Tuesday, November 04, 2008

Ahhhh BLOG how I miss you...How alone I am with out you ....


Life has been crazy busy and down right boring all at the same time.

Ready for the shocker? My mother came for a visit. YIKES.. I know. The visit was long enough and just right. I felt like I bored her a lot. She just happen to come when my life was on my mind more than usual. So I was tired and wore out most of her visit. Now that she is gone... my life seems distant and disconnected. I am depressed more now than I ever was when the twins first came. The constant feeling of being a failure at life infest my mind. Deep depression surrounds me like a sickness no one can shake. Daily I pick apart my life one section at a time. My weight ( HUGE AND FAT), My looks ( UGLY), My kids ( disrespectful, rude, self centered) My marriage (routine, sexless, dull). I tell my husband I wish I would die on the way to work in a car accident. That way the family could live off of my life insurance. Then our money problems and my sadness would be gone. YES I am taking my meds.
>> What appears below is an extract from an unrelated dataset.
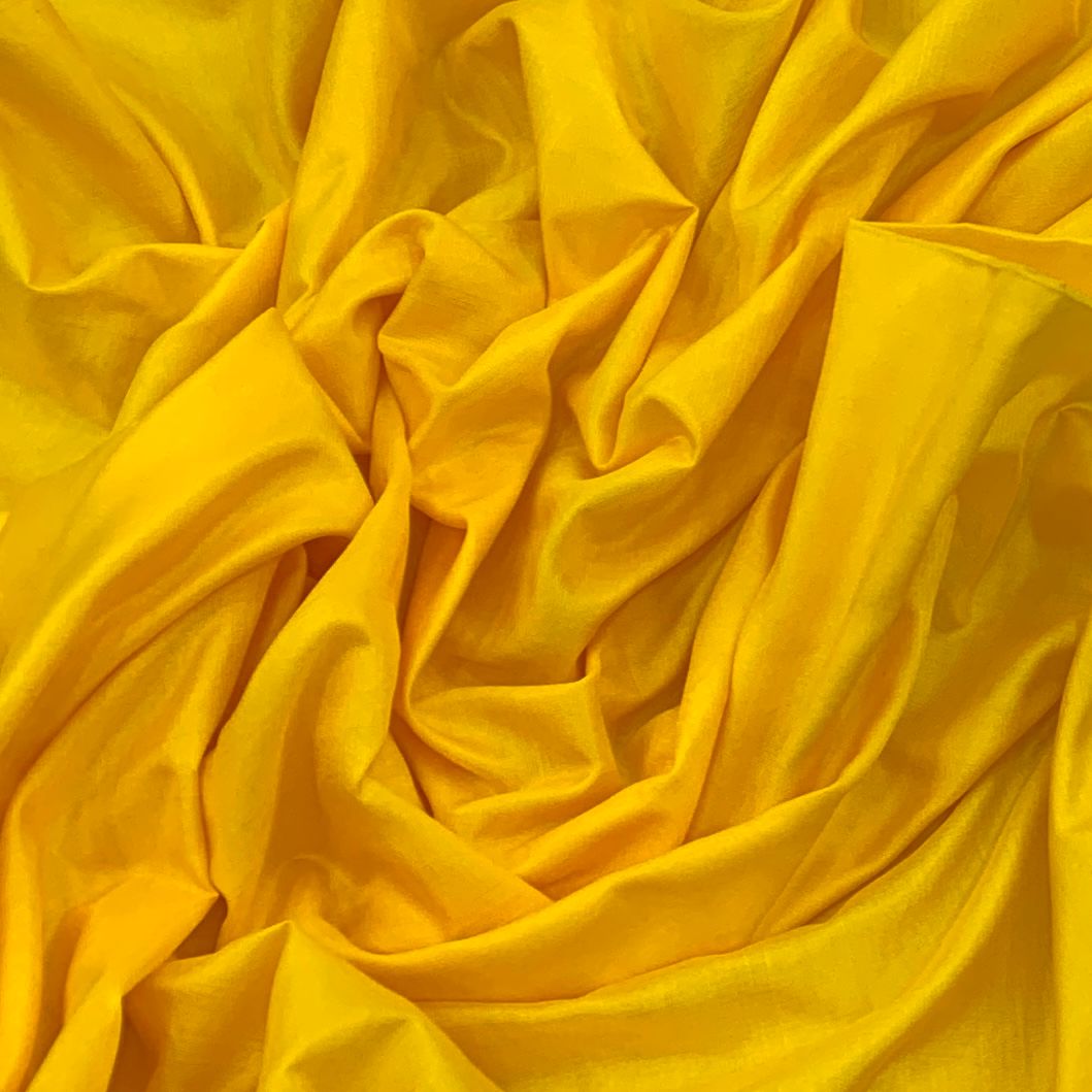 Bright Yellow Plain Pure Silk Fabric. Continuous filaments of silk, with no twist, which have been reeled from cocoons but are unprocessed and comes with a slub effect. Raw Silk has a nubby feel with a low sheen. It resembles cotton in surface texture and sews easily. When these short fibers are spun into yarns, the resulting yarns have occasional slubs and specks that add to its appeal. Nubs vary between different weaves. Sportier in appearance, Raw Silk has the look of hopsack but is much softer.

But it seems like LIFE just doesn't change no matter how much ZOLOFT you choke down your throat. ya know...

I was at a point where I was trying to make friends. I wanted to be apart of different groups. Now I find myself just wanting to be alone. ( well alone with my babies)

After a dozen years of reaching out at different people, I finally came to see the light that all I need is to just be left alone. I no longer need the company of others to make myself complete.

I still wish I wasn't so down in the dumps. I can't seem to pick myself up and it just gets worse. Will it ever get better? I am faced with the same bills trying to catch up and then Christmas for 4 kids. YIKES. How do you apply to be a angel on the Angel tree? hahahahha




Well that is all I have to share for now. Maybe one day I will write again with more exciting news.

2 comments:

Becki Stone said...

Love! This post makes me so sad. First of all I am surprised that your mom came to visit, I'm so beyond shocked! I'm sorry her visit left you low and stripped of who you are. Please don't doubt who you are, and know you are loved! I wish we lived close to each other- it makes me so sad that we can't have the really really close relationship I think we should have. This damn distance is a bummer! Wanna move to Ohio? ;)
You know I'm always here for you- 100% I love you!!!!

Southern Plate said...

Mae-Ry , it'll get different. Always remember that! It could be worse, at least I haven't broken any of your bra straps lately...and you haven't fallen off of any horses in a long time...and we DID survive that Halloween Slumber party back in the day.

Now send me dem babies for a few decades! Deys some cute younguns!!!
OMG Shelby is freakin gorgemous!
and you are not ugly! You look just like you used to do...but I feel your pain with the depression, I truly do. Hang in there and keep taking those meds..better yet, talk to the doc about something better!

Are you taking your daily dose of Diet Dr Peppers? With twins, I recommend one on the hour, EVERY hour!